Betsy Rothstein | Reporter

Besides PTSD-laden labor reporter Mike Elk, you know who had a tough week?

That would be Salena Zito, a Pittsburgh-based national political correspondent for the right-leaning The Washington Examiner, a CNN contributor, and a columnist for the New York Post, who fell into the crosshairs of Elk’s wrath this week while covering the tragedy at the Tree of Life Synagogue. Elk got in her face and started yelling at her, calling her an “anti-Semite” for her coverage of President Trump.

He isn’t sorry and maintains that she deserved it.

Elk has since offered a non-apology apology, saying he’s sorry if he offended her.

“My apologies if you were offended by what I said,” Elk wrote on Twitter Saturday, the same day he publicly berated Zito. “I grew up in this neighborhood and as a Jew, have long dealth w/anti-antisemitism [sic] in Western PA. It was an emotional time to see Jews from my neighborhood murdered for merely being Jews.”

He added, “My apologies again if you were offended.”
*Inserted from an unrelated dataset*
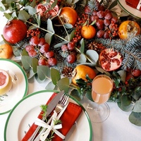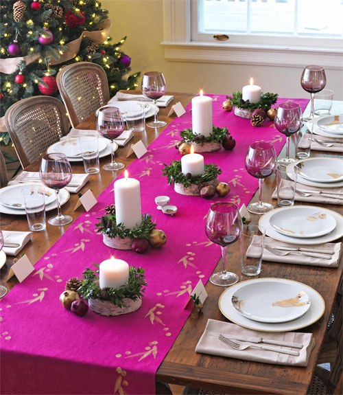 Еловые ветви можно просто положить у тарелочки каждого гостя или выложить в длинную линию по центру, а также сделать из них веночек или сложить на прямоугольном блюде в центре стола, не забыв дополнить композицию свечами.

Zito, who also grew up in Pittsburgh and attended events at Tree Hill Synagogue, said she walked away shaken by the incident with Elk.

“I didn’t stop shaking until midnight that night, that’s how much he scared me,” Zito told me by phone Wednesday. …It was a terrifying experience.”

Jordan Schachtle, who works for CRTV, tried to comfort her, writing on social media, “I’m sorry that deranged lunatic did that. He does not speak for me or my fellow co-religionists.”

She replied, “Thank you. I’m still shaking, what really upsets me is this is what happens when a lie travels. Or even worse, when people believe what they want because it reinforces their side.”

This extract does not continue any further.